Problem: Only the lines from the beginning of the entries through the one with "a festive banner" should be written out, please, exactly and without any pictures.

Excerpts from a dataset:
+++

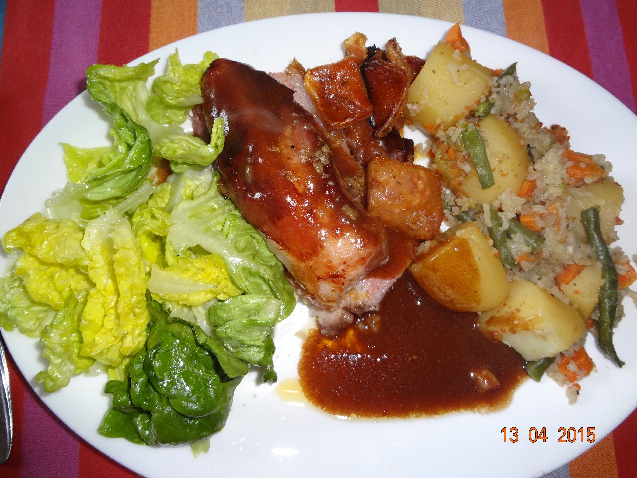 | Krusten-Braten mit Kartoffel-Reis-Gemüse |
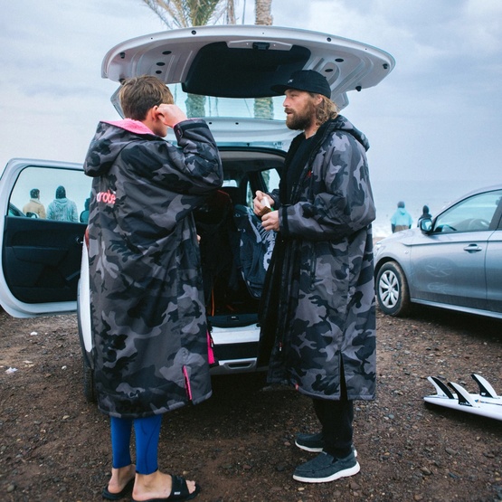 Dryrobe Advance L/S is a men’s changing robe, designed for watersports and outdoor use. It works well after surfing, windsurfing, wingfoiling, kitesurfing, cold-water swimming, or camping, whenever you need warmth, protection from rain, and a comfortable way to get changed outdoors. It features a waterproof outer layer, a warm fleece lining, and a loose fit that makes changing clothes outdoors easier.
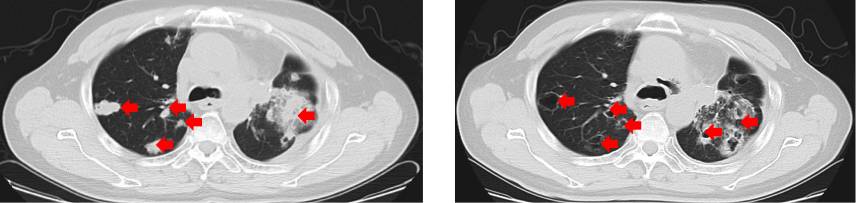 (患者服用阿帕替尼后肺部病灶形成空洞)
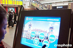 一月二十六日,準(zhǔn)備返鄉(xiāng)的乘客正在北京站電子查詢機(jī)前查詢新增臨時客車情況。十臺春運(yùn)乘車查詢機(jī)二十五日在北京站投入使用,乘客可以自行查詢往返車次、新增臨時客車、車票情況等十多項內(nèi)容。作者:韓藝冰
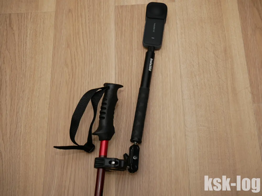 自撮り棒を使わずストックに取り付けてみるとこんな感じです。この場合は360度撮影というよりは正面撮影ように使うことになるでしょうか。
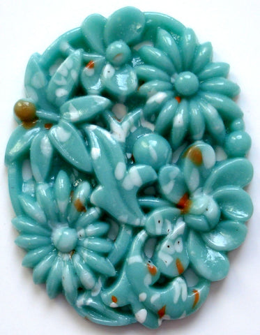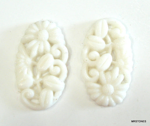 25x18mm Glass Jaded Molded Floral Flower Oval
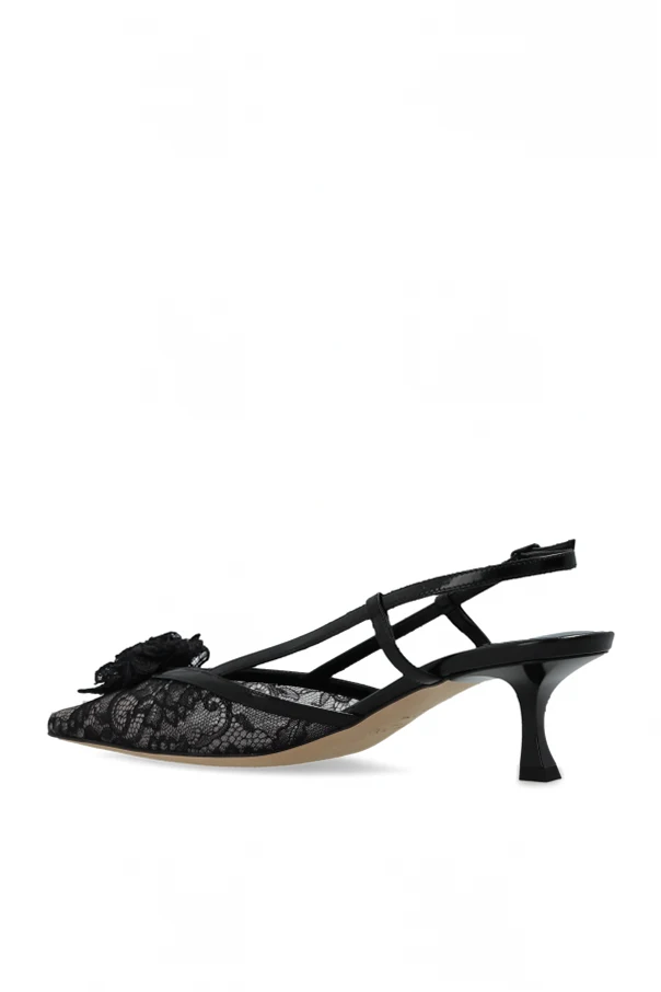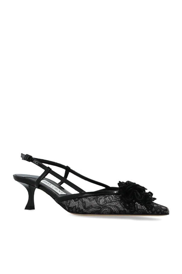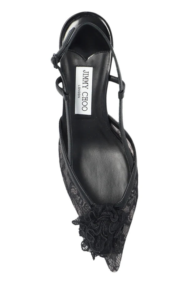 The Mimmi Heeled Shoes by Jimmy Choo epitomize refined luxury, seamlessly blending classic sophistication with modern femininity. These elegant slingback heels captivate with their pointed toe silhouette, delicately adorned in exquisite floral-patterned lace. The refined mid-heel ensures graceful poise and enduring comfort, while the adjustable back strap offers a tailored fit for every occasion.
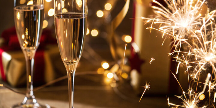a festive banner featuring champagne glasses clinking against an abstract background of sparkling lights, creating a magical atmosphere for celebration and a new year's eve greeting card Generative AI
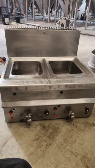 Freidora industrial a gas de sobremesa, marca Repagas, con dos cubas de 12 litros cada una. - Fabricada en acero inoxidable. - Diseño robusto y duradero. - Mandos frontales para control de temperatura. Valor en tienda nueva 3000 euros
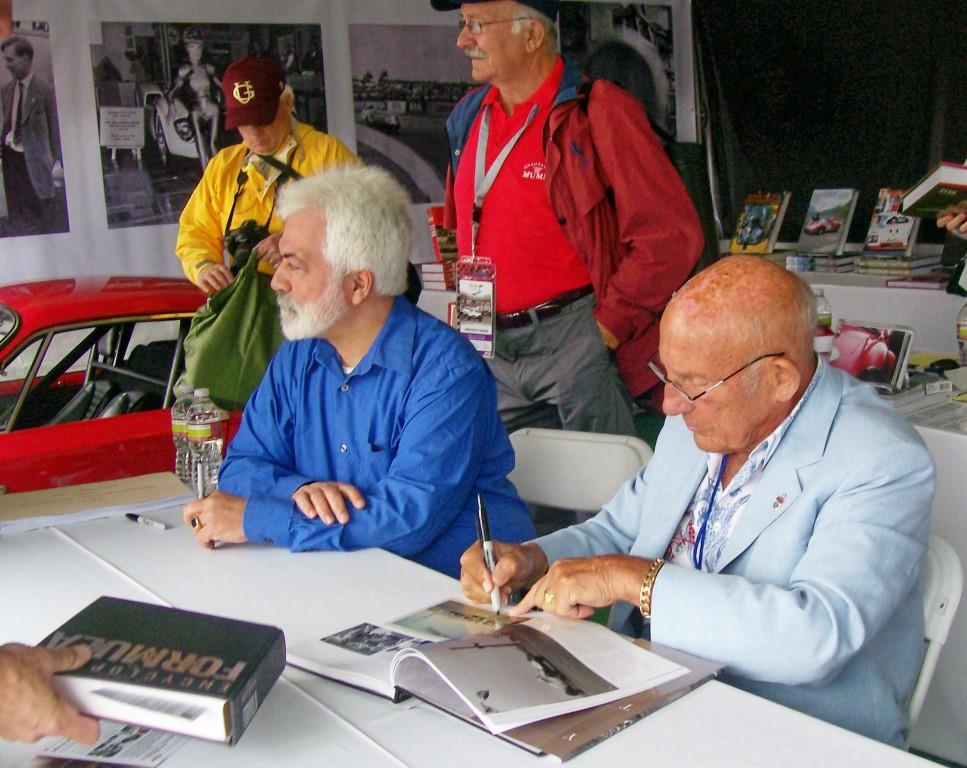 Stirling Moss attended and had a book and autograph signing session alongside Jay Leno. I lined up with some old scrapbook material regarding the 1962 NZGP at Ardmore. Stirling took a great interest in it and signed almost everything I showed him. We had to be ushered apart so others could meet him !
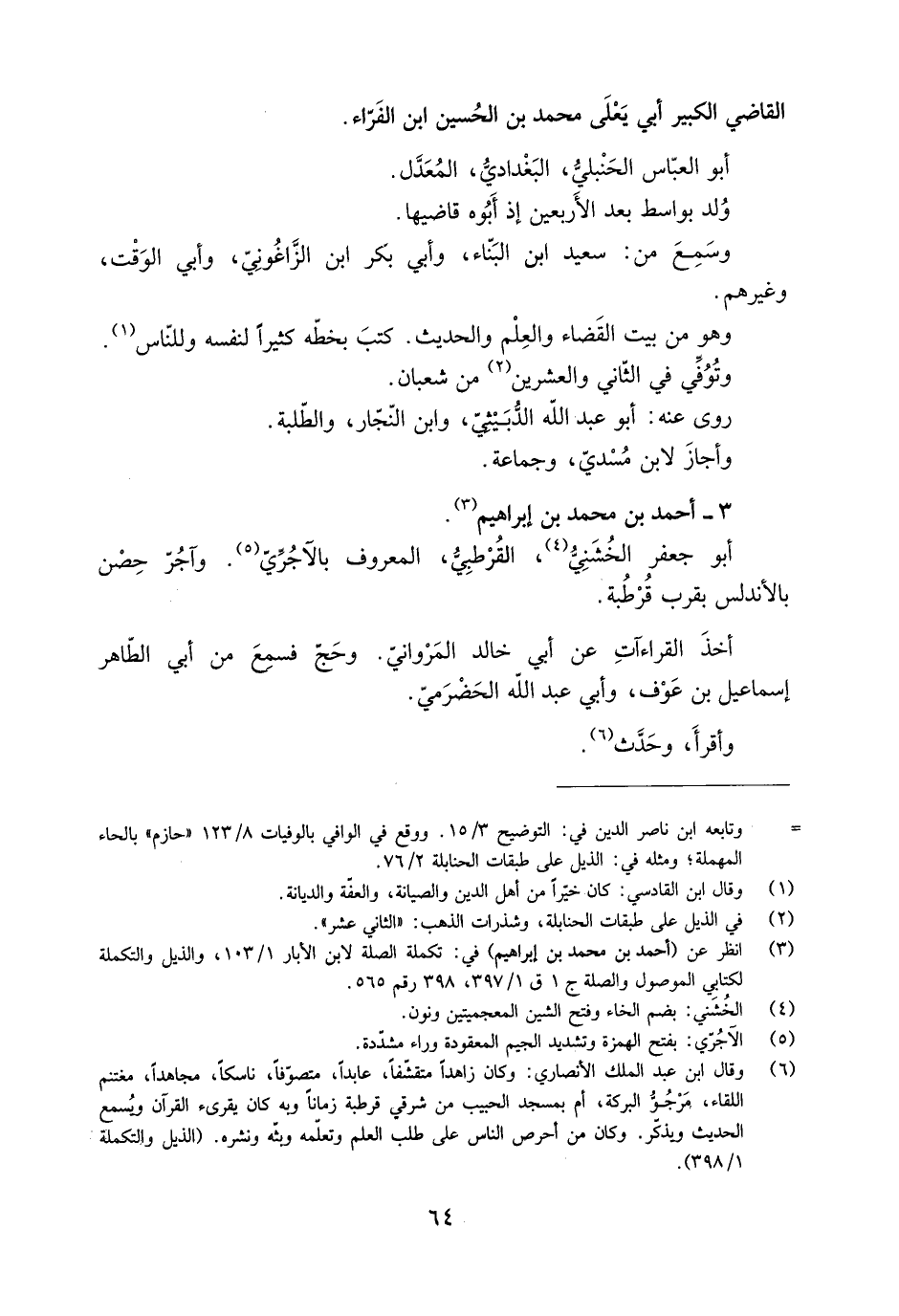 القاضي الكبير أَبِي يَعْلَى مُحَمَّد بن الحُسَيْن ابن الفرّاء.

+++

Answer to this task:
 | Krusten-Braten mit Kartoffel-Reis-Gemüse |
 Dryrobe Advance L/S is a men’s changing robe, designed for watersports and outdoor use. It works well after surfing, windsurfing, wingfoiling, kitesurfing, cold-water swimming, or camping, whenever you need warmth, protection from rain, and a comfortable way to get changed outdoors. It features a waterproof outer layer, a warm fleece lining, and a loose fit that makes changing clothes outdoors easier.
 (患者服用阿帕替尼后肺部病灶形成空洞)
 一月二十六日,準(zhǔn)備返鄉(xiāng)的乘客正在北京站電子查詢機(jī)前查詢新增臨時客車情況。十臺春運(yùn)乘車查詢機(jī)二十五日在北京站投入使用,乘客可以自行查詢往返車次、新增臨時客車、車票情況等十多項內(nèi)容。作者:韓藝冰
 自撮り棒を使わずストックに取り付けてみるとこんな感じです。この場合は360度撮影というよりは正面撮影ように使うことになるでしょうか。
 25x18mm Glass Jaded Molded Floral Flower Oval
 The Mimmi Heeled Shoes by Jimmy Choo epitomize refined luxury, seamlessly blending classic sophistication with modern femininity. These elegant slingback heels captivate with their pointed toe silhouette, delicately adorned in exquisite floral-patterned lace. The refined mid-heel ensures graceful poise and enduring comfort, while the adjustable back strap offers a tailored fit for every occasion.
a festive banner featuring champagne glasses clinking against an abstract background of sparkling lights, creating a magical atmosphere for celebration and a new year's eve greeting card Generative AI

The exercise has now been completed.